Requirement:
Please give back, exactly as written, the lines from the line with "太めのピッチのボーダーでカジュアルなパフスリーブ長袖プルオーバー" to the line with "Ref: Calça wide" in the listing below, leaving out all pictures.
Start of Data records
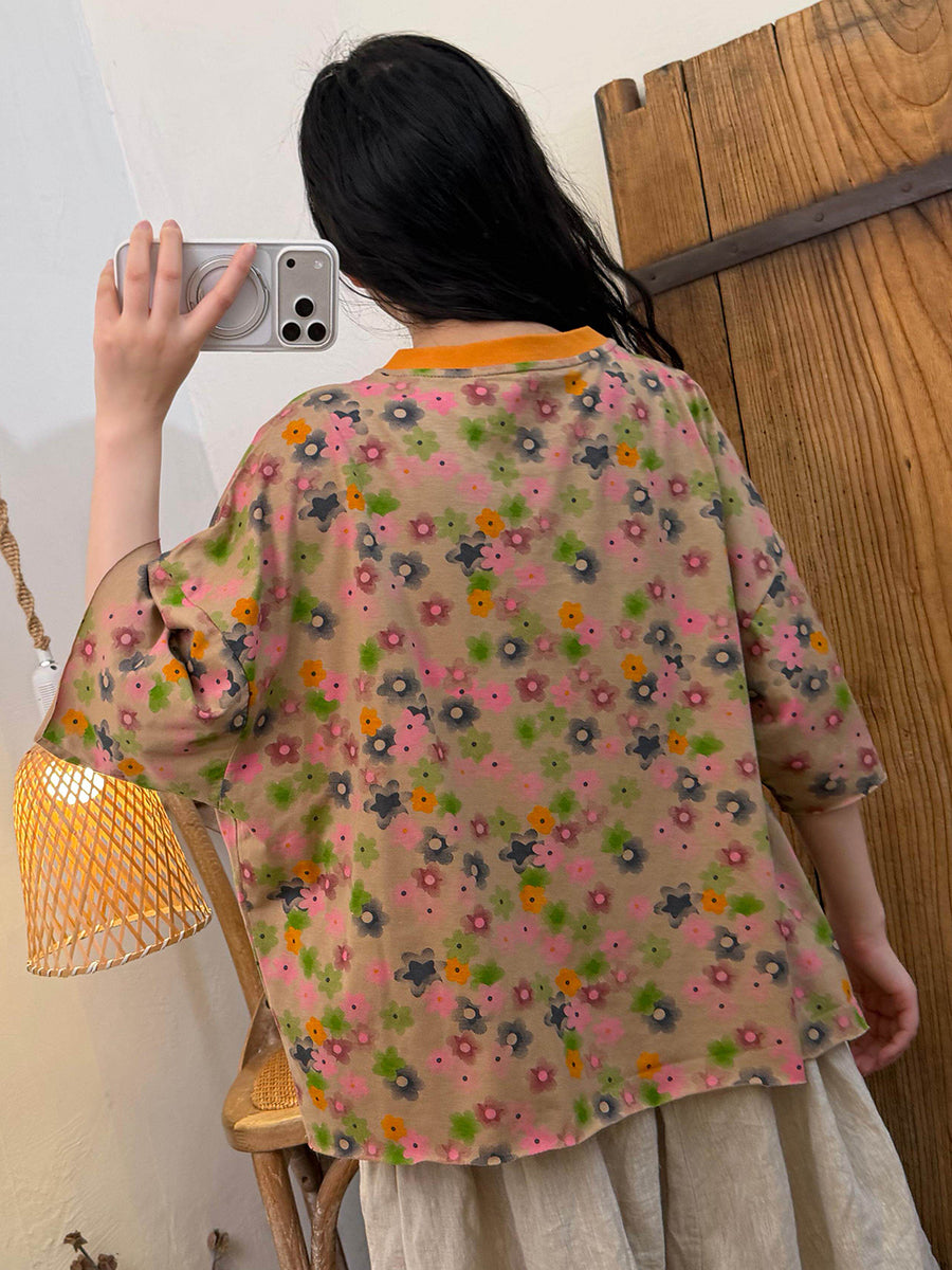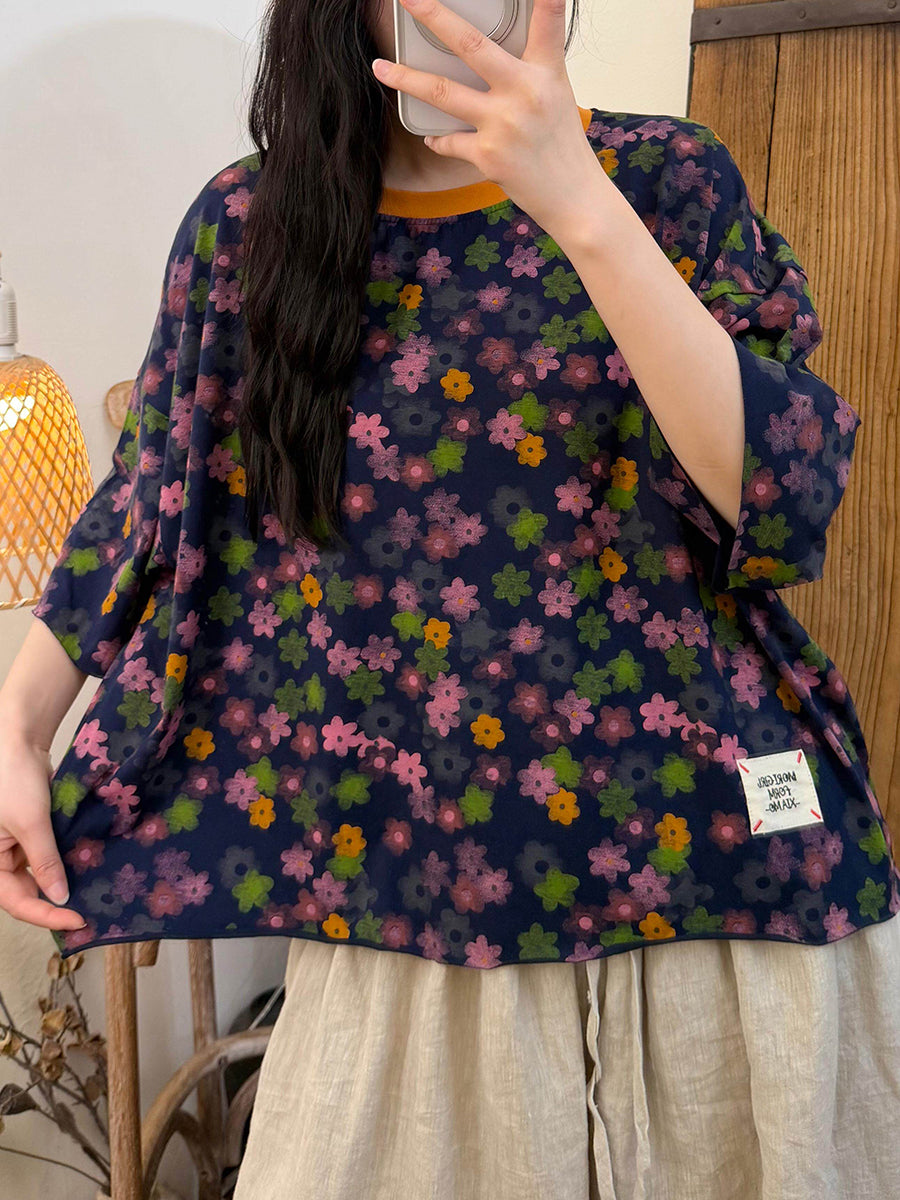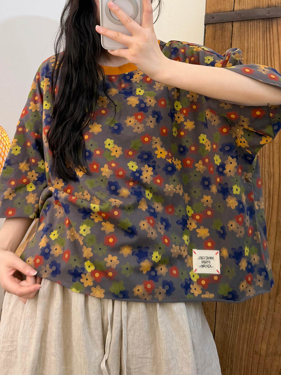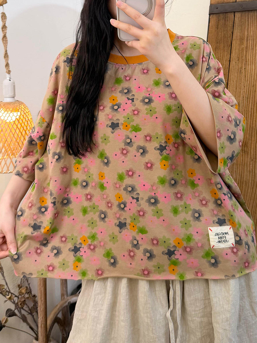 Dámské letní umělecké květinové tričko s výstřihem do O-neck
End of Data records
Start of Data records
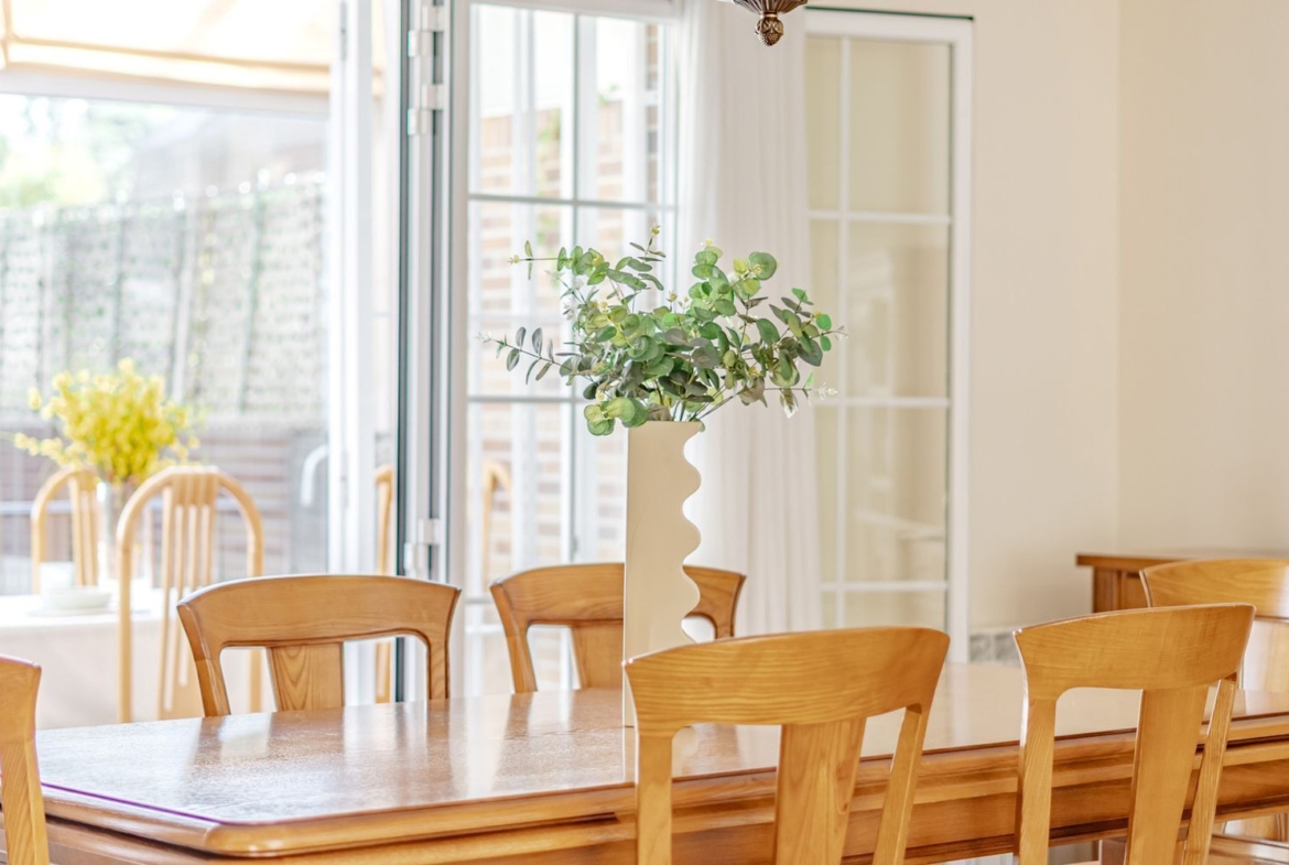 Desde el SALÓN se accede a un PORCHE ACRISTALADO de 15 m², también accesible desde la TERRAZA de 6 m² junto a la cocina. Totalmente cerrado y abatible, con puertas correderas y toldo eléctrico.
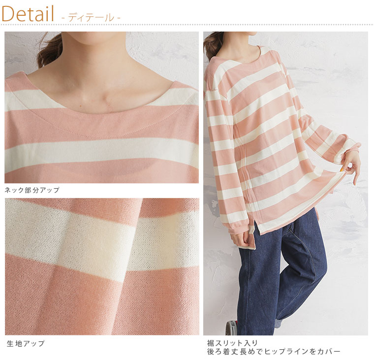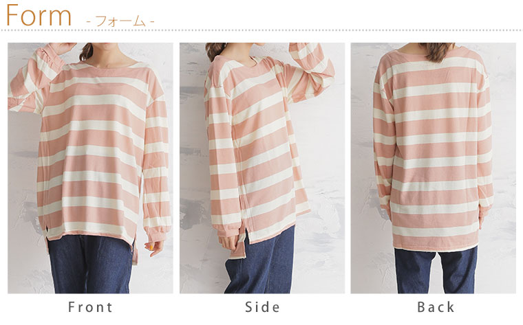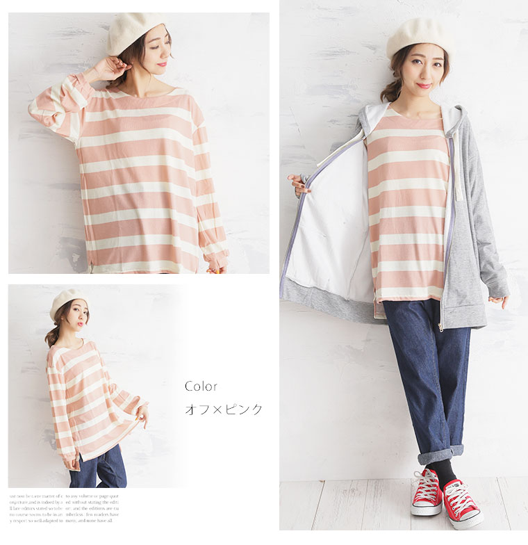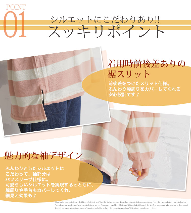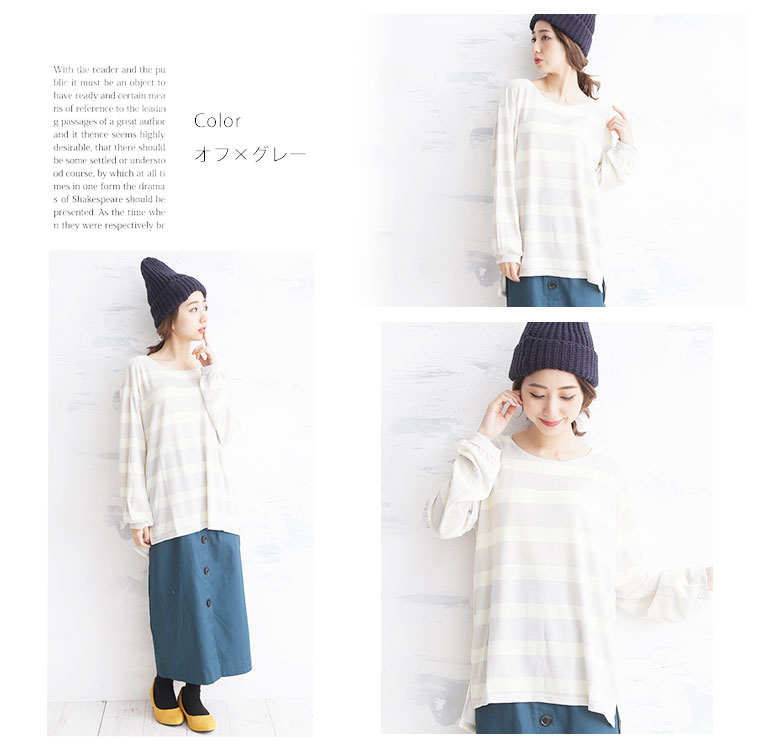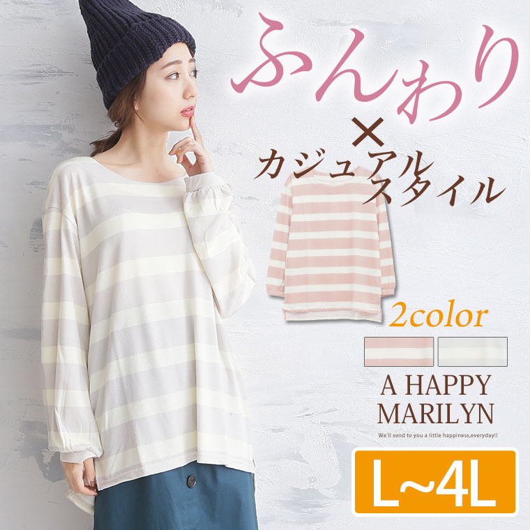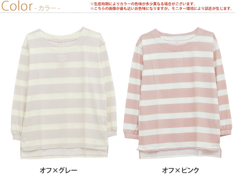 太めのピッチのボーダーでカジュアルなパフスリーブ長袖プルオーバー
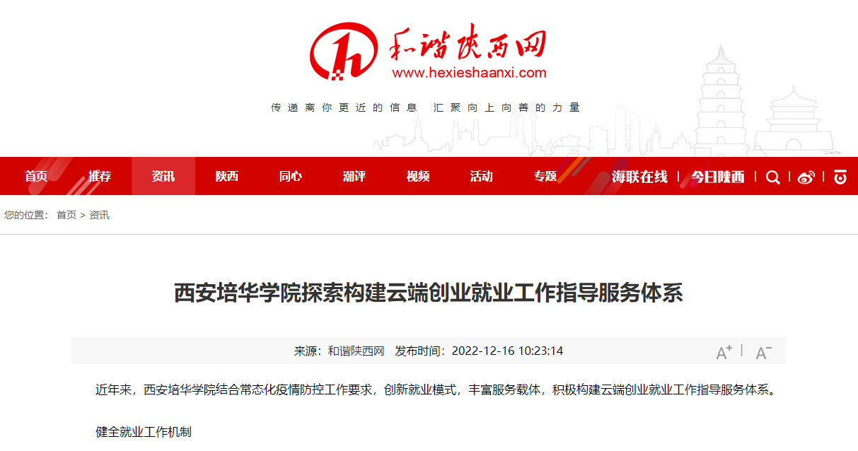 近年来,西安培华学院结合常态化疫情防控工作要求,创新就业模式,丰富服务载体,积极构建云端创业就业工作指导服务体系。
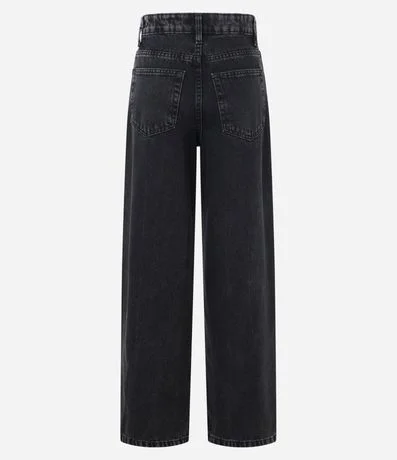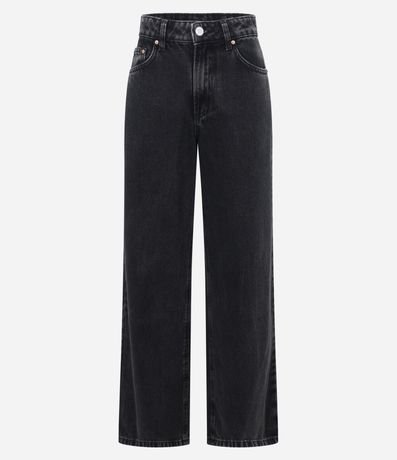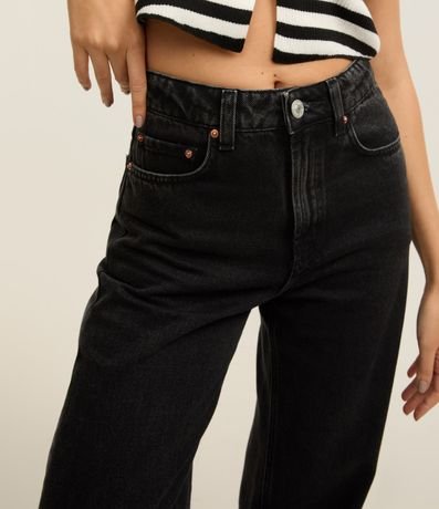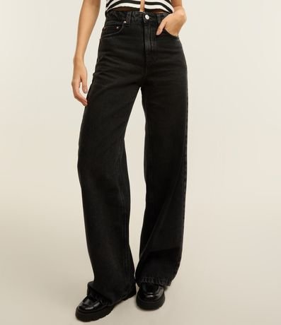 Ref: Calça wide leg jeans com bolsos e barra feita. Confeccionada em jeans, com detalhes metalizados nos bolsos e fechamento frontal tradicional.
End of Data records
Start of Data records
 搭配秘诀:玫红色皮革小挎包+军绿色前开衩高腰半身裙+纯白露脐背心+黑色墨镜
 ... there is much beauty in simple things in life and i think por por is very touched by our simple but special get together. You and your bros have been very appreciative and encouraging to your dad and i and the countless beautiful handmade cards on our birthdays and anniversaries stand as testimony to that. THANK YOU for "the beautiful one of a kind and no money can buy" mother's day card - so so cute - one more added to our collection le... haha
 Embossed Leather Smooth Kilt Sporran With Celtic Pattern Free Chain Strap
End of Data records
Result for this task:
 太めのピッチのボーダーでカジュアルなパフスリーブ長袖プルオーバー
 近年来,西安培华学院结合常态化疫情防控工作要求,创新就业模式,丰富服务载体,积极构建云端创业就业工作指导服务体系。
 Ref: Calça wide leg jeans com bolsos e barra feita. Confeccionada em jeans, com detalhes metalizados nos bolsos e fechamento frontal tradicional.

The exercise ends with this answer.